Small-conductance Ca2+ -activated K+ channels and cardiac arrhythmias

Abstract

Small-conductance Ca2+ -activated K+ (SK, KCa2) channels are unique in that they are gated solely by changes in intracellular Ca2+ and, hence, function to integrate intracellular Ca2+ and membrane potentials on a beat-to-beat basis. Recent studies have provided evidence for the existence and functional significance of SK channels in the heart. Indeed, our knowledge of cardiac SK channels has been greatly expanded over the past decade. Interests in cardiac SK channels are further driven by recent studies suggesting the critical roles of SK channels in human atrial fibrillation, the SK channel as a possible novel therapeutic target in atrial arrhythmias, and upregulation of SK channels in heart failure in animal models and in human heart failure. However, there remain critical gaps in our knowledge. Specifically, blockade of SK channels in cardiac arrhythmias has been shown to be both antiarrhythmic and proarrhythmic. This contemporary review provides an overview of the literature on the role of cardiac SK channels in cardiac arrhythmias and serves as a discussion platform for the current clinical perspectives. At the translational level, development of SK channel blockers as a new therapeutic strategy in the treatment of atrial fibrillation and the possible proarrhythmic effects merit further considerations and investigations.

Keywords: Antiarrhythmic drug; Atrial arrhythmia; Atrial fibrillation; Calcium-activated potassium channel; Heart failure; Proarrhythmia; Small-conductance calcium-activated potassium channel (SK channel).

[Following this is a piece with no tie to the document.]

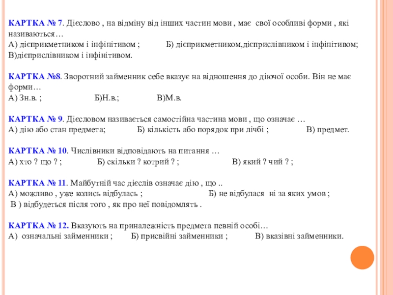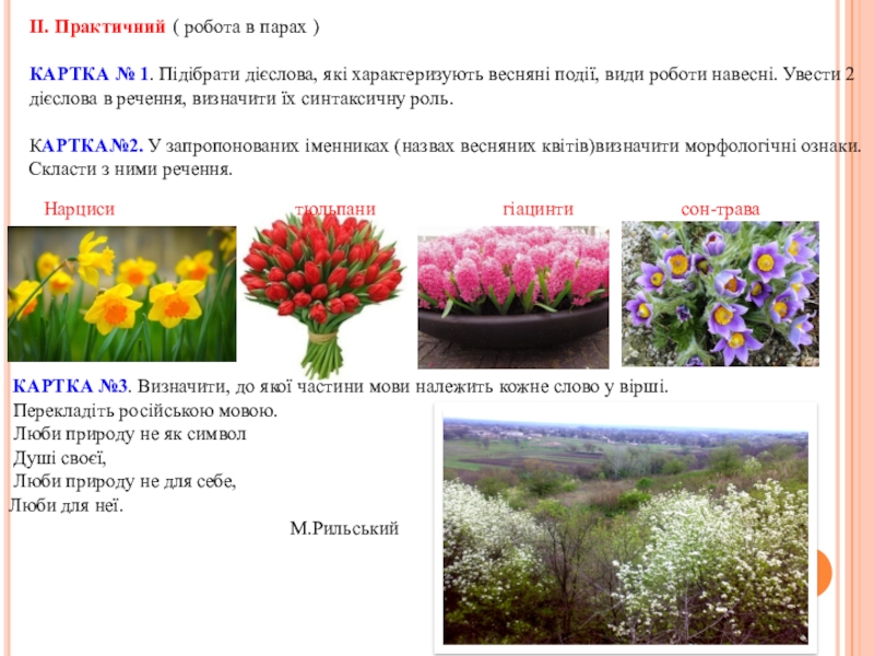 КАРТКА №3. Визначити, до якої частини мови належить кожне слово у вірші.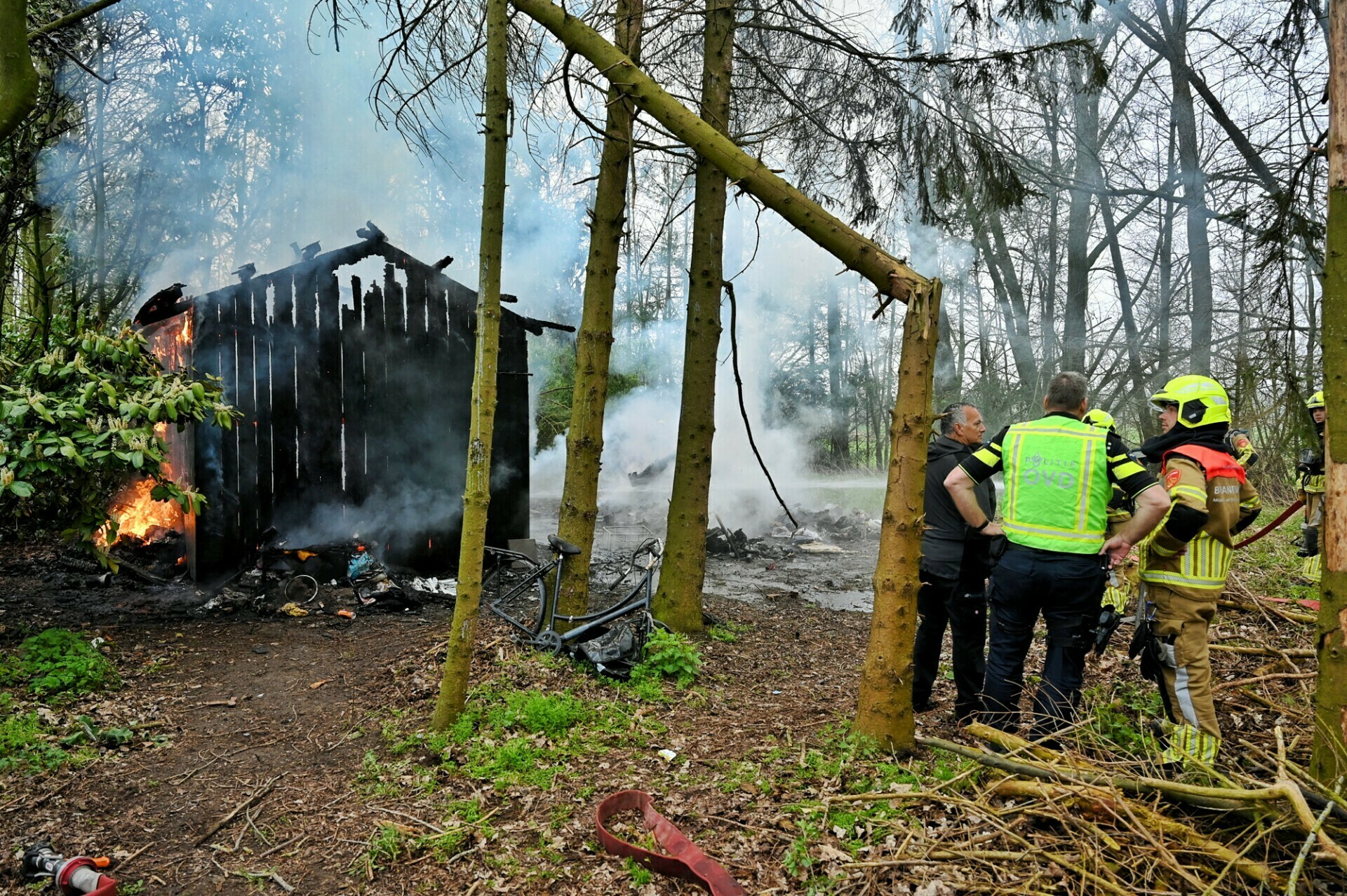 De brandweer en politie kwamen met meerdere wagens ter plaatse. De brandweer kon de boshut niet meer redden. Het blussen nam enige tijd in beslag.

Figure 1. Functional roles of SK channels in normal and diseased hearts

Distinct roles of SK channels in atria and ventricles are dipicted together with remodeling in AF, HF and post MI. EAD, early afterdepolarization; PV, pulmonary veins, AF, atrial fibrillation; VT/VF, ventricular tachycardia and fibrillation.

Figure 2. Localization, trafficking and molecular parters of cardiac SK channels

SK channels interactome includes α-actinin2 (Actin2), filaminA (FLNA), and myosin light chain 2 (MLC2). Cardiac SK channels have been shown to couple to L-type calcium channels through a physical bridge, α-actinin2. SK2 channels do not physically interact with the Ca²⁺ channels, instead the two channels co-localize via their interaction with α-actinin2 along the Z-line in atrial myocytes. An increase in intracellular Ca²⁺, as evident during rapid AF or atrial tachycardia, is predicted to increase SK2 channel expression leading to shortening of the atrial APs and maintenance of arrhythmias.